I’m telling this story to contextualize my own feminist ideology. I have always believed that women are strong, capable, and awesome. I knew that I could do anything that I put my mind to, and I always imaged that I would find my future self being totally independent, successful, and in some interesting, rewarding career. But…
I met my fiancĂ© Matt when I was eighteen. I am now twenty four, and we have been together ever since (that’s six, long years, people) and will be married on May 7, 2011(yay!). I will also finish my master’s degree in English exactly one week before we wed (thanks, mom). I am thrilled to spend my life with Matt, but our engagement has been challenging for me because it is taking me down a very different road than the one I imagined as a girl. I’m having to wrap my mind around a lot of big issues that have nothing to do with flowers or dresses or cake flavors (although I’m dealing with those too).
Matt will be the bread winner of our family because, let’s face it, America just doesn’t really prioritize its teachers, and he’s an electrical engineer. Therefore, when we move from our little college town, it will be to wherever Matt finds the best job. I am also choosing not to go for my ph.d right now because our mini-family needs the flexibility of being able to relocate anywhere.
And here’s the kicker: I recently realized that I really want a baby sooner rather than later now that I have found the person with whom I want to raise it.
With that shocker comes other, still more mind-spinning realizations. I know that, if possible, I want to be with our child during its early years which means staying home from work for a year or two. That puts me square into Mad Men territory, folks and seriously challenges my ideas about what a modern woman should be and do. I can’t be a housewife, dammit! I’m a feminist who went to a women’s college and is writing a paper on Jeanette Winterson’s application of second and third wave feminism for my Irish women’s lit class this semester.
I’ve cried a lot and have felt so conflicted over what being a wife and a feminist woman means to me. Then, I would feel so wrong and guilty for being so sad about getting married and living a life that I was in other ways passionately yearning for. It feels like I have literally been on a roller coaster ride of emotions these past seven months since getting engaged.

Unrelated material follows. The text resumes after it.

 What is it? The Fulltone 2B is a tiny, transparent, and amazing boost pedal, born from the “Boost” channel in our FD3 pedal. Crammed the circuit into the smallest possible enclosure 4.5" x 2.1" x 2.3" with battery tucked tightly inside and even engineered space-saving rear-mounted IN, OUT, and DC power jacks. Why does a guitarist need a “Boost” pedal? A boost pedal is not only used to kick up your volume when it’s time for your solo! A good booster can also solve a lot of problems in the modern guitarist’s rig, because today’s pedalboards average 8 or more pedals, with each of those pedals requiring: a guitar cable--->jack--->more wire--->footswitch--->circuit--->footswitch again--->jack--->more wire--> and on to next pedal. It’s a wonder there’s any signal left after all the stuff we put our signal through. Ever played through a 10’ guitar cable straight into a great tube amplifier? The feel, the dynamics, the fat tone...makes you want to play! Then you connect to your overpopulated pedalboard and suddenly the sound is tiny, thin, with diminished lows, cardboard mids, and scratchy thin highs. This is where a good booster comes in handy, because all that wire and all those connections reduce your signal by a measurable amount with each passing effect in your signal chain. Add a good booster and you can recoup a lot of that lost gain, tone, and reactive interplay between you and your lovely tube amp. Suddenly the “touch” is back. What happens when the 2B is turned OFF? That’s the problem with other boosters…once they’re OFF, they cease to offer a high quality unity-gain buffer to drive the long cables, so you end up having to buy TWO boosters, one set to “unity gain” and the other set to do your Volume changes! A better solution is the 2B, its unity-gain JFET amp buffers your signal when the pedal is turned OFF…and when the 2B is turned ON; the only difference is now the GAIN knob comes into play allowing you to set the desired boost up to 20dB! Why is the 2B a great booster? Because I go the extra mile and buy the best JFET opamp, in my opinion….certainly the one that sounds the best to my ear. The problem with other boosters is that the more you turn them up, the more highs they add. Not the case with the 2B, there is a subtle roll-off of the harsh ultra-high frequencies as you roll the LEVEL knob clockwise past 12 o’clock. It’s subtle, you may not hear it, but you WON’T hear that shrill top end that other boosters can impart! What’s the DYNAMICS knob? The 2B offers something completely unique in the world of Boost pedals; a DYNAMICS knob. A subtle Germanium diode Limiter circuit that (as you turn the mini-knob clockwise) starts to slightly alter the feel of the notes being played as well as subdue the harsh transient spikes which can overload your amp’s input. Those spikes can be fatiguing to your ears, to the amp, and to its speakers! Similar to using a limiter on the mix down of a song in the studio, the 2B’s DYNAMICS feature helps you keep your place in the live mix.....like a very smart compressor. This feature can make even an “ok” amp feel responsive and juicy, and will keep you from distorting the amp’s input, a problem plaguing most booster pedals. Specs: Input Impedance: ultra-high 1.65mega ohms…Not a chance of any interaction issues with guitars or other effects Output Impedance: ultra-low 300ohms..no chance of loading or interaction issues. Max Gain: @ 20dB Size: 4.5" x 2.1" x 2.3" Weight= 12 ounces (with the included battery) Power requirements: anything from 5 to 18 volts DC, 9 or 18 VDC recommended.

Some days I want to walk around with my left hand acting as a banner that says, “Hey! Something incredible is happening to me!” and other days I want to sit on that hand and wear really long sleeves because I’m confused about what that attached banner really says about me.
Then this weekend I was reading an old More magazine that my mom had lying around, and in it was an article called “What the new feminists look like.” The women interviewed were between the ages of seventeen and thirty-ish, and I was blown away by how different every one of their ideas about feminism are. Why they label themselves that way, what they do to participate socially and politically, and their race, age, and ethnicity were all completely different. Yet, they were still a group. This realization helped me contextualize another experience from my week in Tennessee.

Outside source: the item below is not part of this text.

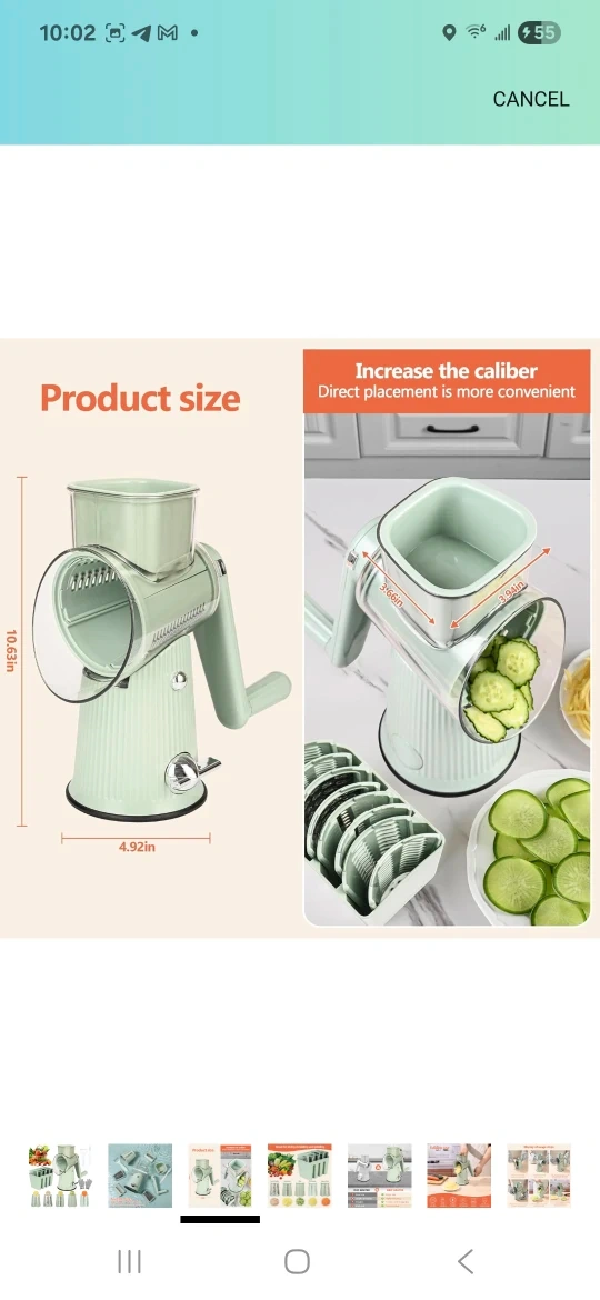 This is a great tool for slicing, shredding, and grinding vegetables! It has a direct placement feature that makes it more convenient to use. The product size is approximately 10.63 inches in height and 4.92 inches in diameter.

On Saturday, Mom, her two friends, and I went to lunch then shopping. One of the women is recently divorced, and the other has been married for thirty six years. Over lunch, my wedding was a topic of conversation, and this transitioned into a discussion on marriage and their differing ideas of what that means. I didn’t really see myself in any of their definitions, but what really stuck out was the sense of oneness I felt being a part of the conversation with these older women at a tiny table in a crowded restaurant. I felt like no matter what my marriage will look like, I have a voice at the table. I am entering into a club of sorts. I will be a wife, and this ties me to all the women who have filled that role before me. I felt like a woman, not a girl for the first time in my engagement period. Instead of being unsure and insecure, I felt analytical and confident. I feel like my engagement has acted as a sort of rite of passage into this new community where I am finally an adult to other women, and this was a powerful moment for me because instead of feeling like I was breaking ties to the strong, awesome women of the world, I realized that I am becoming something just as interesting, complex, and wonderful.
One of the women in the More article, Tracy Clark-Flory, said her goal is “to resist the easy narrative and think critically.” This statement resonates with me as I think about my future. The easy narrative of my life is: young woman marries early and fills stereotypical role of southern wife, but I’m resisting that. My life may look traditional, but it is the life that I am choosing and creating for myself. I am not losing anything by this choice. I am gaining happiness and a family, and that is finally starting to feel like a compromise with, not a sacrifice of, the other life I had once imagined.